Data extracted from a collection

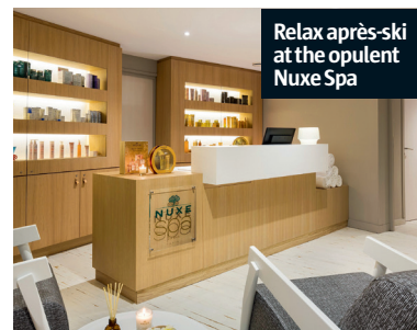
Relax après-ski at the opulent Nuxe Spa

Grab your skis at the in-house shop, dine with views of Mont Blanc, treat yourself to warming winter cocktails at the bar and, for post-ski relaxation, head to the dreamy Nuxe Spa.
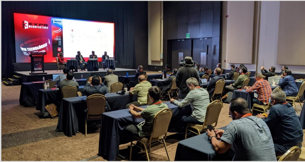
(Expo Manufactura in Monterrey, NL | Feb. 2022)
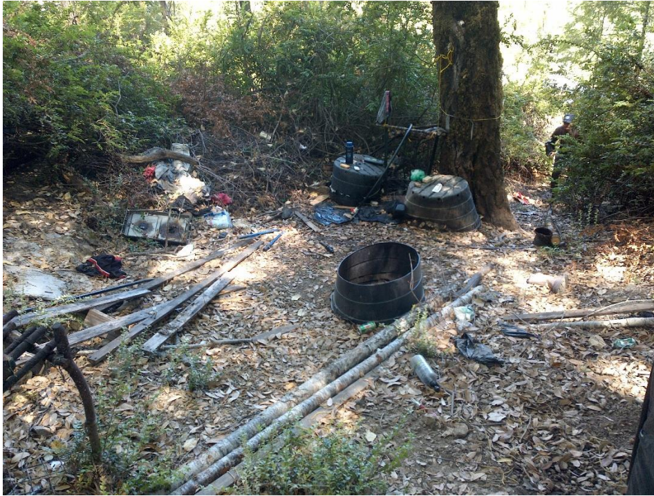
Photo 5—Cannabis cultivation waste in plant drying area located at WQ4.
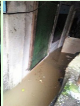
Flooded room of the Salingay family in Pasig City
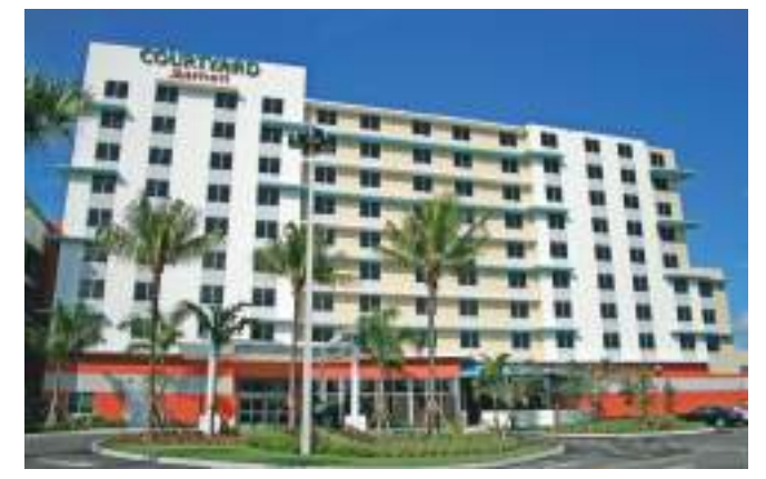
Miami Marriott Airport Complex for Suffolk
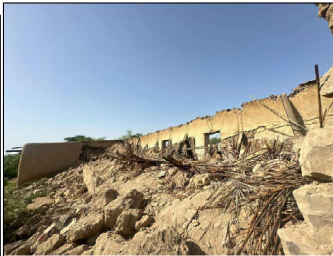
Five Earthquakes in 48 Hours: Seismic Swarm Rocks Balochistan.
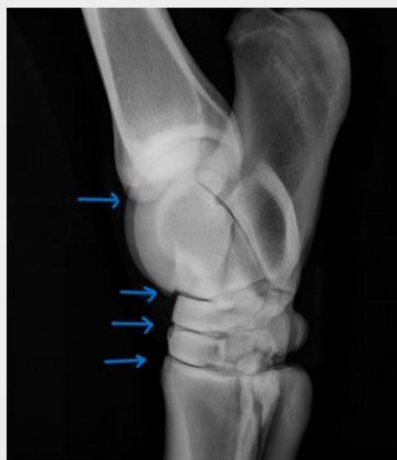
The arrows in this x ray point to the four joints in the hock. It is the bottom one (the TMT) that is injected into.

If you would like to discuss the options for your horse, please do give us a call for a chat or arrange an appointment for a visit and examination – 01837 214 004
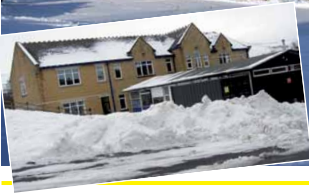
Preparing the school site after the snow
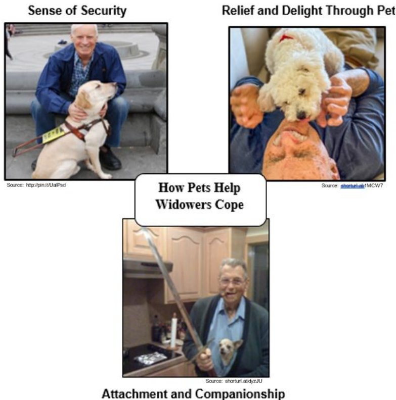
Figure 2. Theme Illustration of How Pets Helped Widowers Face challenges

This section presented the themes that emerged in the attempt to determine how having pets have helped widowers cope with the challenges they face after losing their wives. Based on the findings, four (4) themes, namely; (1) sense of security ; (2) relief and delight through pets ; and (3) attachment and companionship . A theme illustration was crafted to facilitate a visual understanding of how pets helped widowers cope with losing their wives.
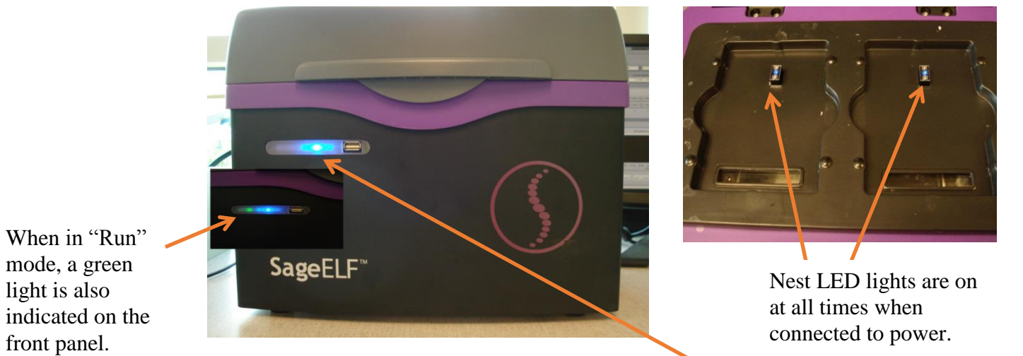
Figure 3.2 Front Panel of the SageELF and cassette nest

After the power button is pressed, the front panel LED will light, and the software will launch.
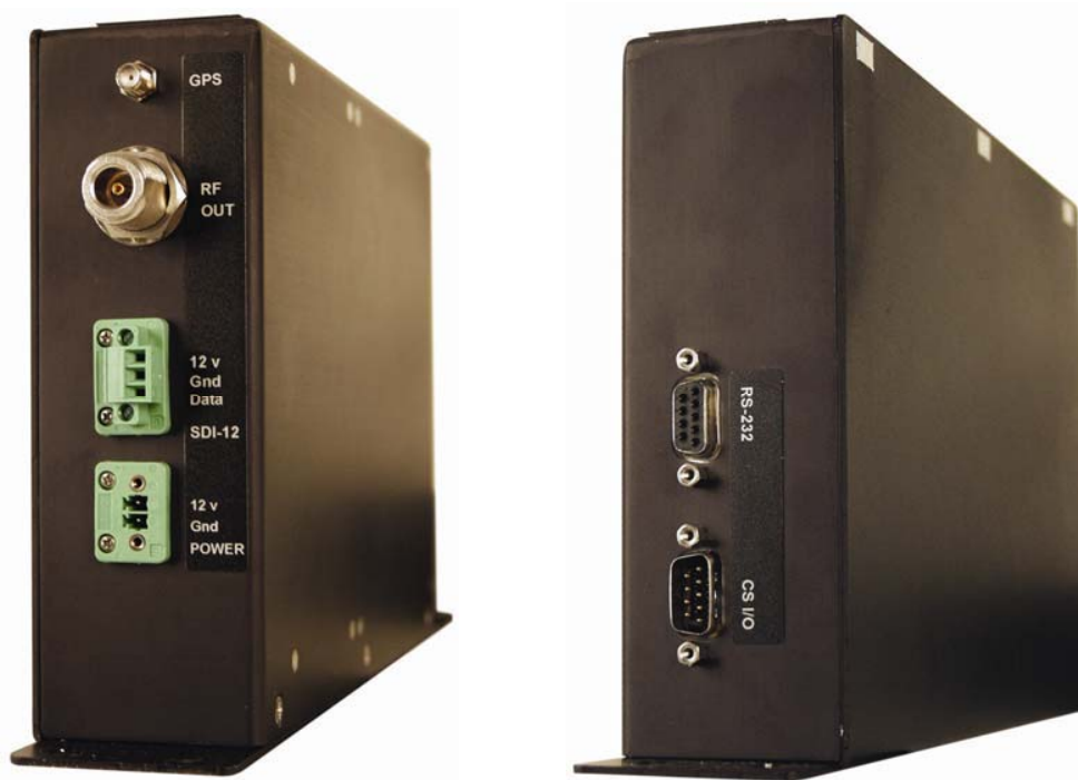
FIGURE 3-2. TX312 Connectors
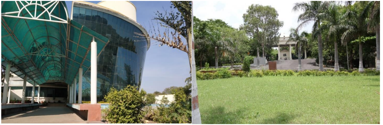
A View of the NLIU Campus
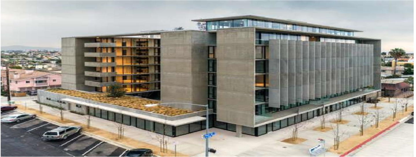
Figure 8: Park and Polk, San Diego (2018). Photograph by Matthew Segal and Jeff Durkin
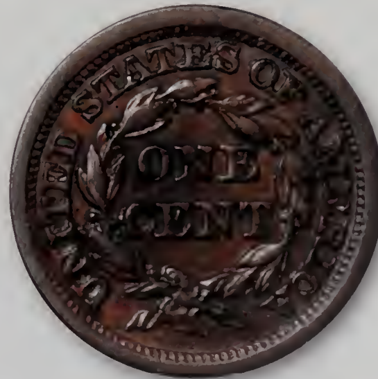
199. 1846 N-26 R5 VF20 VF30 Very pretty light brown color and hard smooth surfaces. Some old scratches in obverse field K4-5.
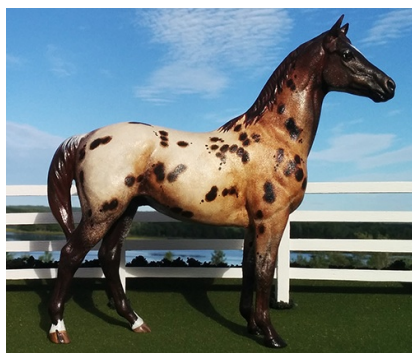
RESERVE CHAMPION REPAINT: PARADOX (SW)

Repaint with Hair Mane/Tail: Traditional Size or Larger (40): 1-Mon Nafa Rani (CR), 2-TS Elegant Gypsy (MP), 3-TS Vesuvius (MP), 4-Encantador (CM), 5-Scimitar (SS), 6-Fiesta Jones (LB), 7-DQ Star-sparkle (AP), 8-LJ American Beauty (SM), 9-Classy Chassis (SS), 10-Dun Ridge (JG), HM-Angel Eyes (AP)
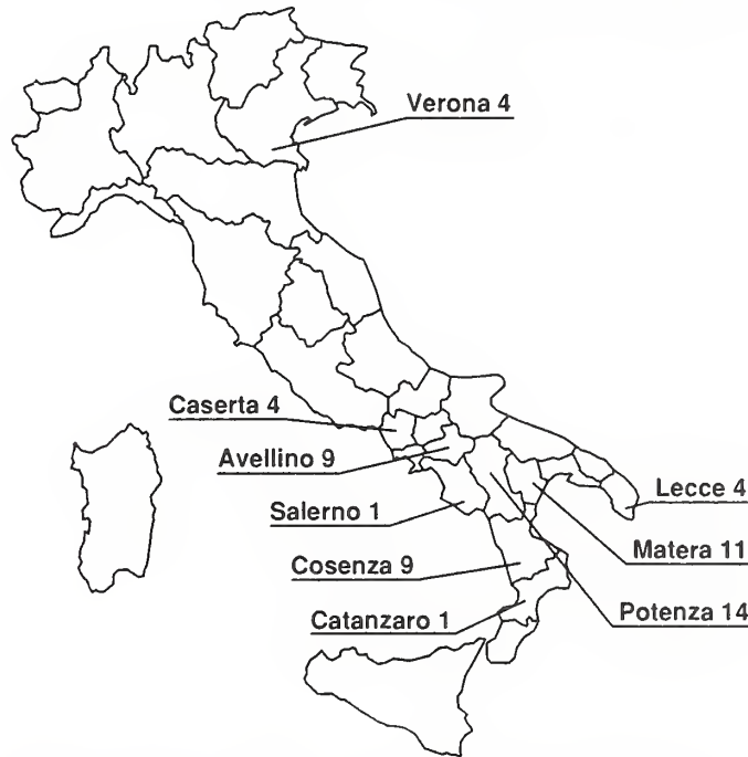
Figure 1 —Location of the 57 outbreaks of foot-and-mouth disease reported in Italy as of June 21, 1993.

After being free of FMD for nearly 4 years, Italy isolated FMD in the Potenza province, Basilicata region, in the southern part of the country on February 28, 1993. Although the source of the FMD is undetermined, its introduction is believed to be related to the importation of cattle from Croatia. As of June 21, 1993, there have been 57 outbreaks of FMD reported, most of which occurred in southern Italy (fig. 1). In addition, there have been four outbreaks in the Veneto region in northern Italy including Verona. However, these four outbreaks have been attributed to movements of animals from the primary focus of infection in southern Italy.
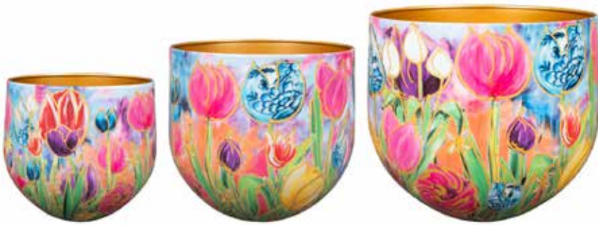
#039744 Set of 3 Pots $339.99
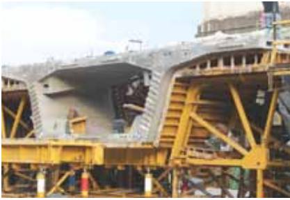
A match-cast superstructure segment shown at the Unistress precasting plant.
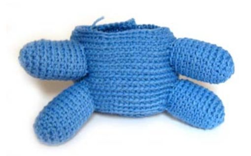
Stuff arms and legs. Attach legs to rounds 9-13 and arms to rounds 16-20.
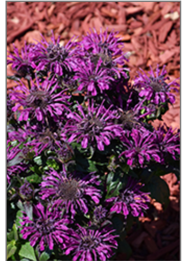
Rockin' Raspberry Beebalm flowers
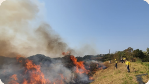
The annual prescribed burning was conducted on 5 ha of the eastern portion of the reserve during August 2022.
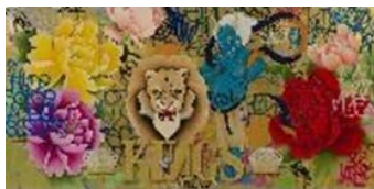
Image: Gajin Fujita, Invincible Kings of This Mad Mad World , 2017, spray paint, paint markers, Mean Streak, 24k gold leaf, 12k white gold leaf, platinum leaf, and gloss finish on panel; four parts, 96 x 48 in. each. Courtesy of the artist and L.A. Louver, Venice, California. © Gajin Fujita, photo courtesy of the artist and L.A. Louver, Venice, California
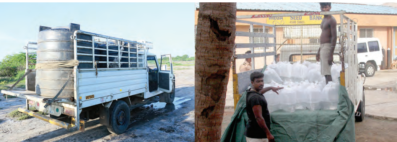
Live transportation of seabass seeds
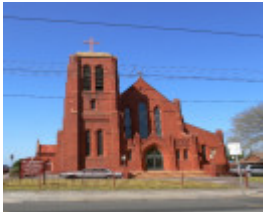
B6028 St Aloysius Church
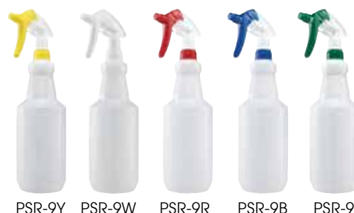
PSR-9Y PSR-9W PSR-9R PSR-9B PSR-9
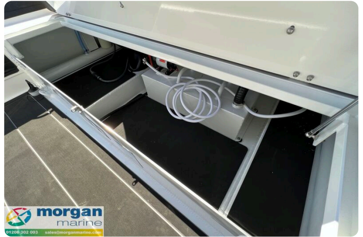
Highfield Sport 700 - storage compartment

TO DO
All that should be returned is the run of lines from the start of the entries above to the line bearing "The arrows in", each exact, with pictures omitted.

EXERCISE RESULT
Relax après-ski at the opulent Nuxe Spa

Grab your skis at the in-house shop, dine with views of Mont Blanc, treat yourself to warming winter cocktails at the bar and, for post-ski relaxation, head to the dreamy Nuxe Spa.
(Expo Manufactura in Monterrey, NL | Feb. 2022)
Photo 5—Cannabis cultivation waste in plant drying area located at WQ4.
Flooded room of the Salingay family in Pasig City
Miami Marriott Airport Complex for Suffolk
Five Earthquakes in 48 Hours: Seismic Swarm Rocks Balochistan.
The arrows in this x ray point to the four joints in the hock. It is the bottom one (the TMT) that is injected into.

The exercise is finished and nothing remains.